0

I want to use a regular expression in javascript in order to validate a Java package name.

The simplest way to do that is to match a list of words and dots, so I have implemented this regex:

(^(?:[a-z_]+(?:\d*[a-zA-Z_]*)*)(?:\.[a-z_]+(?:\d*[a-zA-Z_]*)*)*$)

This regex ensure the followings:

  1. the package name can only be formed by letters, digits, dots and underscores.
  2. the package name must always start with a word (or with an undersccore), but never with a digit or with a dot
  3. the package name can optionally contain a sequence of a pattern made by: a dot, followed by a word that can start with letters and underscore but not with digits.
  4. the package name must always end with a non-dot character.
  5. the package name must start with a lowercase letter by convention (Java permits Uppercase starting package names, even if they are discouraged)
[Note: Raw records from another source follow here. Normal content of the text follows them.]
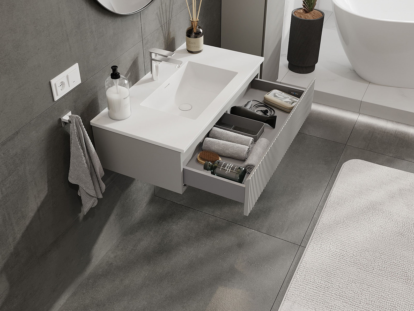 Mexen Rivel Bathroom Cabinet 90 cm with Otis Sink, 1 Drawer, Fluted, Grey Matte/White Matte - 91A20-09023-1-BF62-W18M01
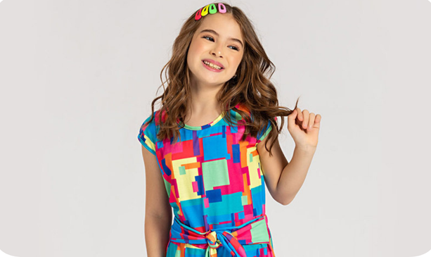 O short, na mesma cor magenta vibrante, também é feito em poliplex sublimado e conta com amarração frontal que proporciona charme e ajuste confortável. Um conjunto encantador, ideal para acompanhar sua pequena em todos os momentos com liberdade e muito estilo!
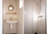 De woonkamer is gelegen aan de voorzijde en voelt door de grote ramen heerlijk licht en ruim aan. Bovendien is er door middel van schuifdeuren een verbinding met de eetkamer. De dichte keuken is voorzien van diverse apparatuur, is netjes en biedt voldoende ruimte om te koken. Aansluitend aan de keuken is een klein maar nette douche met wastafel gelegen.
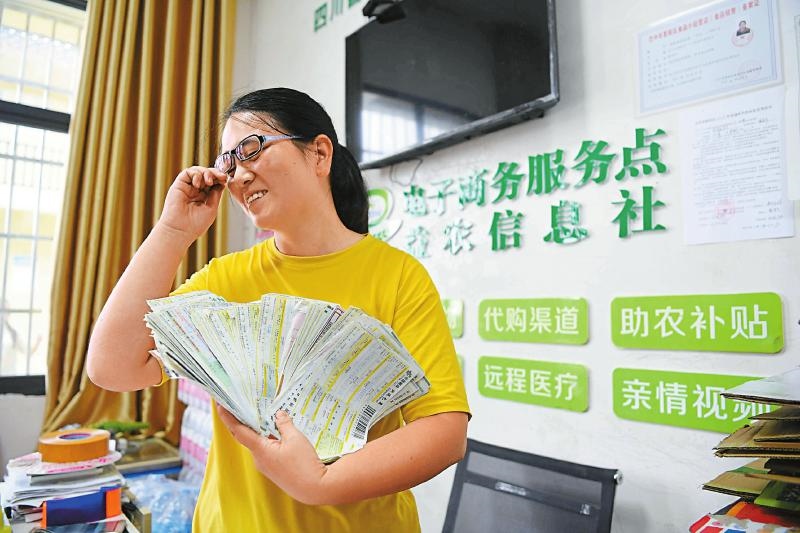 9月12日,在巴中市恩陽區(qū)窯埡村,村民黎榮華拿著一疊快遞單。這些都是今年通過電商平臺從村里賣出的土特產,成都和廣州的客人最喜歡蘆筍。9月12日航拍的巴中市恩陽區(qū)上八廟鎮(zhèn)窯埡村
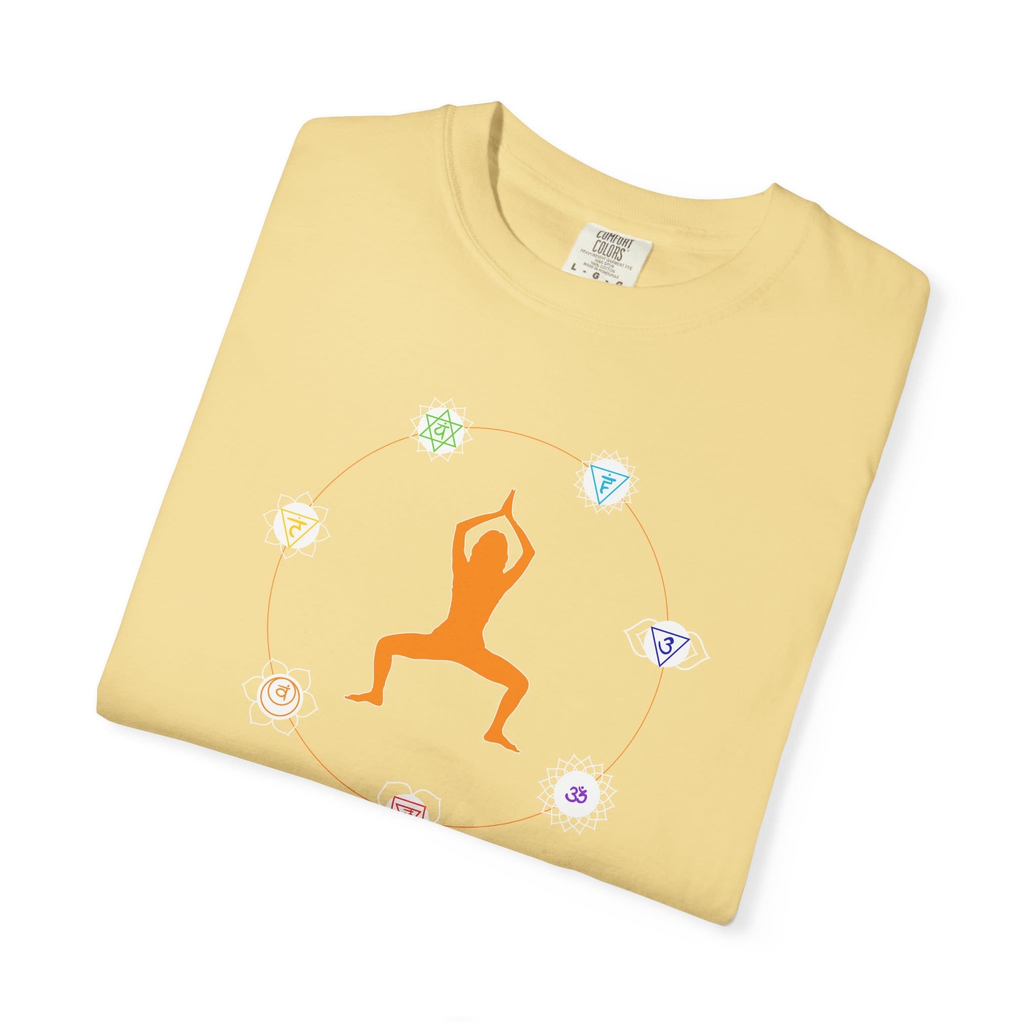 This soft, garment-dyed tee holds a quiet, grounding energy. It features a female silhouette in the goddess yoga pose at the center, surrounded by seven delicate chakra symbols. Wear it to breathe through morning stretches, walk into a sunset yoga class, or sit cross-legged with a steaming mug and slow music. The relaxed fit and washed color feel familiar from the first wear; the orange figure and light chakra symbol accents sit calm and centered. It’s clothing that moves with your practice—comfortable, unpretentious, and subtly expressive.
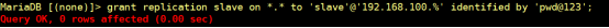 grant replication slave on *.* to 'slave'@'192.168.100.%' identified by 'pwd@123';
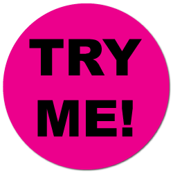 These 1" circle "TRY ME" stickers are printed with black text on a fluorescent pink background. Bright and bold, they are perfect for drawing attention to product testers in retail, craft fairs, or promotional displays. Supplied on rolls for quick and easy application.
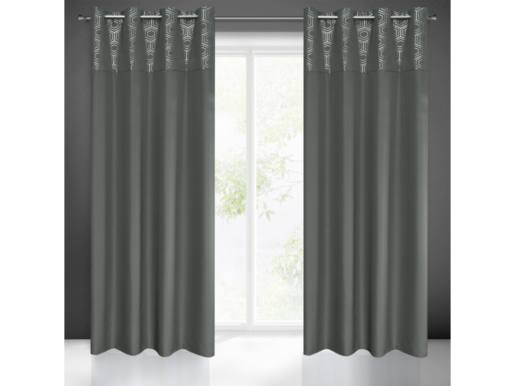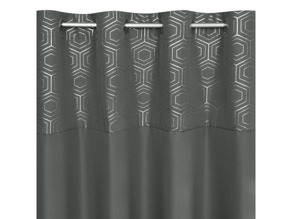 Zasłona gotowa ze STŘÍBRNÝm nadrukiem szerokość: 140 cm, długość: 240 cm, kolor: GRAFITOVÝ, Gramatura: 140 GSM, Skład: 100% poliesterDoplňkové parametry
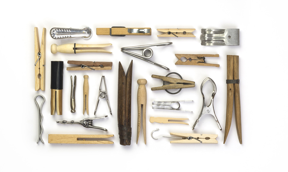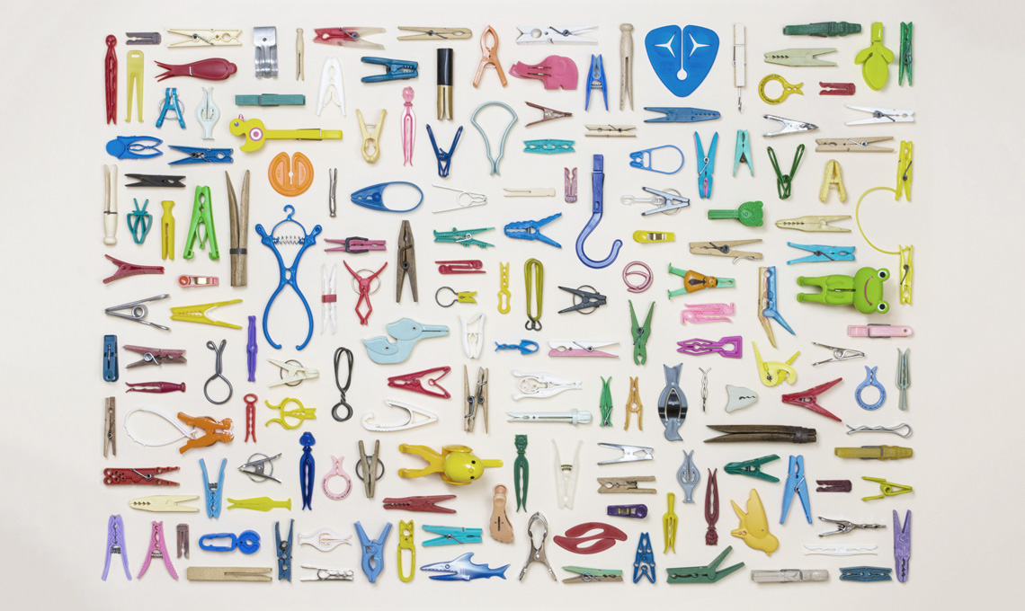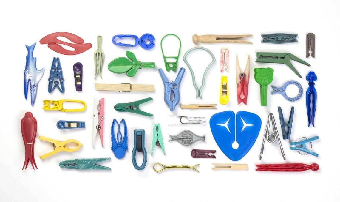 Una veduta dell'allestimento della mostra "Mollette da bucato" alla Triennale di Milano
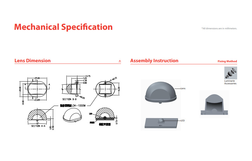 Светодиодная линза LedLink и линза в сборе LL01CR-DEZ10115L06
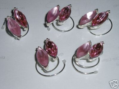 These are wonderful little hair twists, a remake of something I wore back in the sixties. They can be worn in short or long hair, but are perfect for upswept prom and bridal hairdos. They are simple to use (twist them to the left into the hair and out to the right), and very elegant to wear. When properly worn the wire should disappear and only the ornament will show in your hair. They all come in sets of six unless otherwise stated.
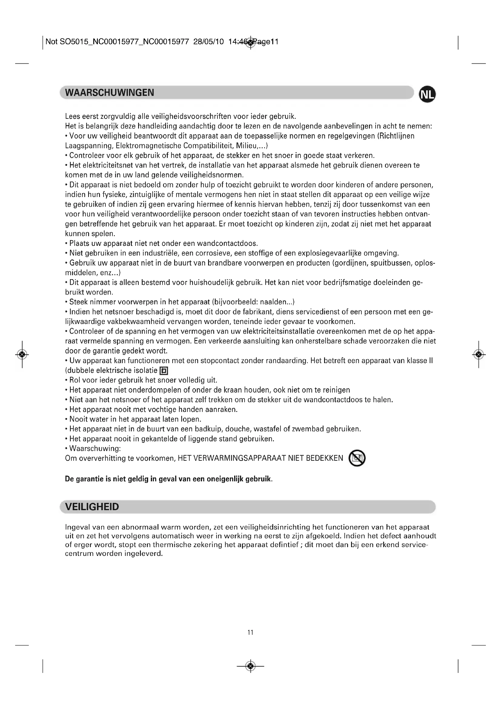 Not SO5015_NC00015977_NC00015977 28/05/10 14:46 Page1011 WAARSCHUWINGEN Lees eerst zorgvuldig alle veiligheidsvoorschriften voor ieder gebruik. Het is belangrijk deze handleiding aandachtig door te lezen en de navolgende aanbevelingen in acht te nemen:
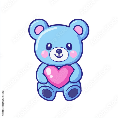 © Nobelus, Naklejka premium A small blue teddy bear with a pink heart, sitting happily in a cartoon design. A perfect representation of warmth, love, and care
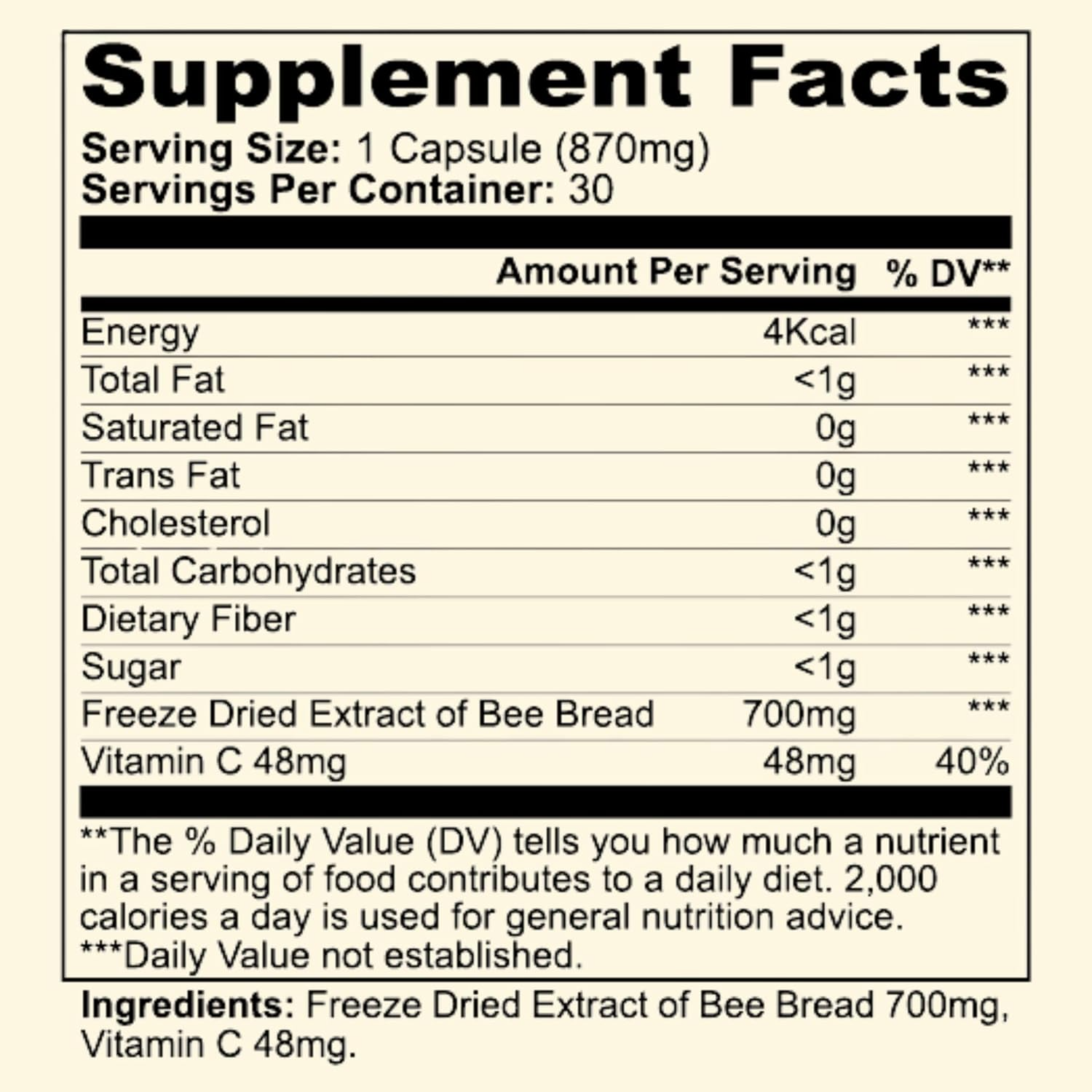 Ingredients: Freeze-Dried Extract of Bee Bread 700mg, Vitamin C 48mg, Hydroxypropylmethylcellulose (capsule shell).
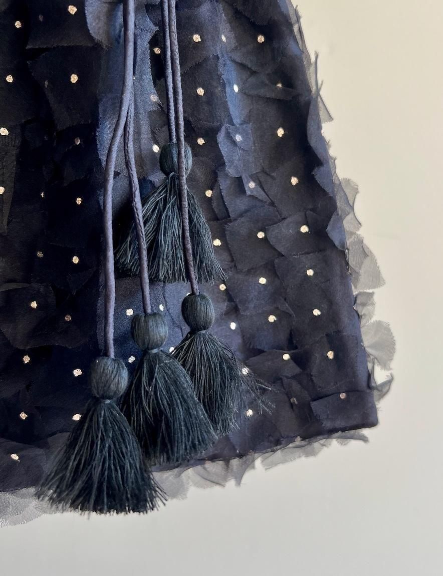 巾着を絞る紐の先にもタッセルがあしらわれて、BUNONらしいこだわりが詰まっています。
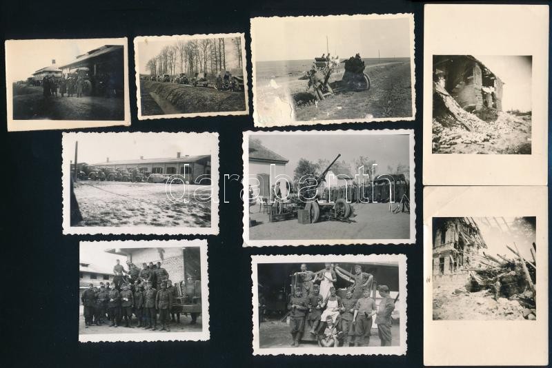 Leírás: cca 1930-1940 9 db katonai fotó a Horthy-korszakból (járművek, konvoj, tüzérség, stb.), közte egy sérült, 5,5x4 cm és 9,5x6,5 cm közötti méretben
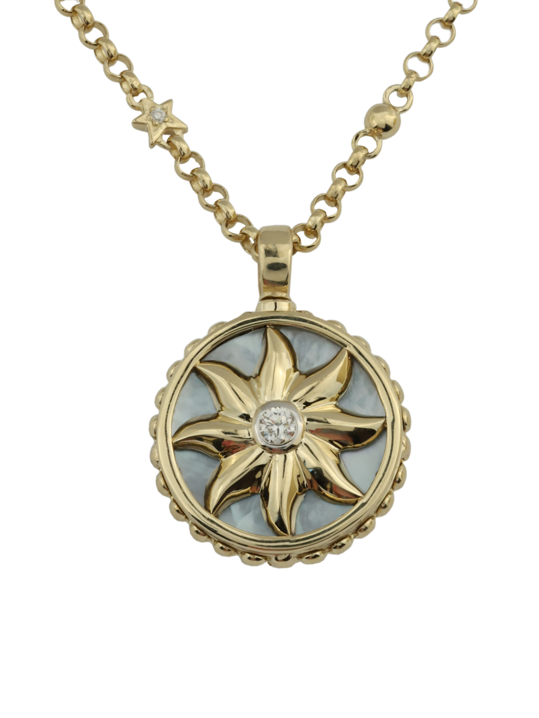 Колье из лимонного золота c бриллиантами, лазуритом и перламутром
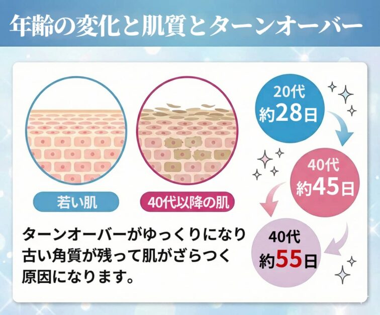 ターンオーバーが遅れると古い角質が残り、肌がざらつく原因になります。
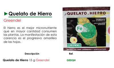 Descubre el Quelato de Hierro de Greendel que es un micronutriente esencial que tus plantas necesitan en gran cantidad para un desarrollo saludable. La carencia de hierro se manifiesta en un progresivo amarilleamiento de las hojas conocido como clorosis férrica. El Quelato de Hierro de Greendel es la respuesta rápida y eficaz para corregir esta deficiencia devolviendo a tus plantas su característico color verde intenso y promoviendo un crecimiento vigoroso. Su formulación especial asegura una absorción rápida y eficiente por parte de la planta ofreciendo resultados visibles en poco tiempo.
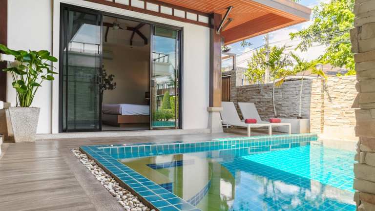 Die Private 2BR Pool Villa 2D16 in Gated Residences Rawai VIP Villas bietet Übernachtungsmöglichkeiten in einer modernen und klimatisierten Villa. Die Unterkunft umfasst eine Terrasse, einen Aussenpool sowie einen Conciergeservice, der den Gästen bei ihren Anliegen zur Seite steht. Kostenfreies WLAN ist ebenfalls vorhanden.
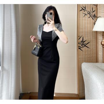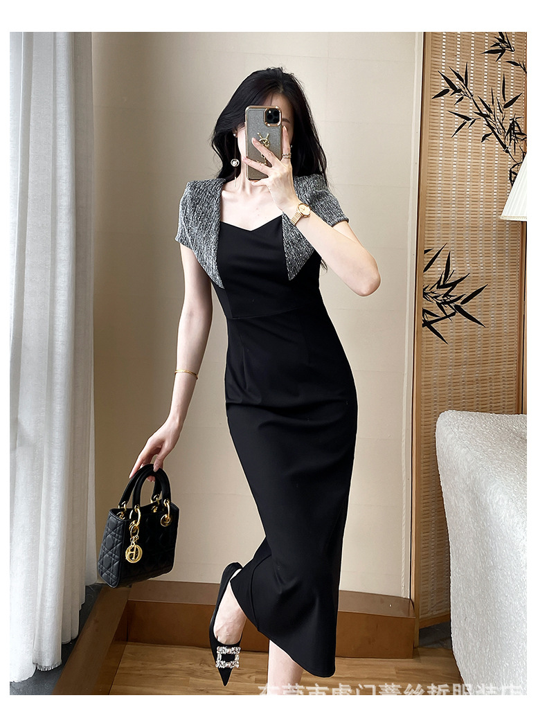 A-8280# 2629优雅贵气洋气高级感连衣裙方领拼接修身包臀标价不得低于238
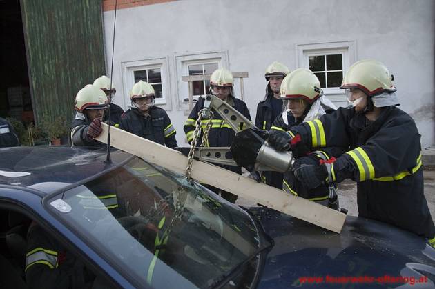Als Einstimmung zur Frühjahrsübung für jene Kameraden, die gerade die Grundausbildung absolviert haben, wurde das Thema technische Hilfeleistung am PKW beübt.

This regex match for example these package names:

com
com.test
com.test.regex
_com._123
comTest.regEx

And it doesnt'match these package names:

123
com.
.com
test.123com
test.123_

This is correct, but it's not enough for my purpose, because if a single word is a Java-reserved word, I have to invalidate the all package name.

Let's take this package name as example:

com.test.package

This package name is recognized as valid with my regex, but the word package is a Java-reserved word and it can't be used for a Java package name.

Valid package names can be:

com.test.packageTest
com.test.testpackage

The word package can be a substring of another word, but it can't be a single word between the dots.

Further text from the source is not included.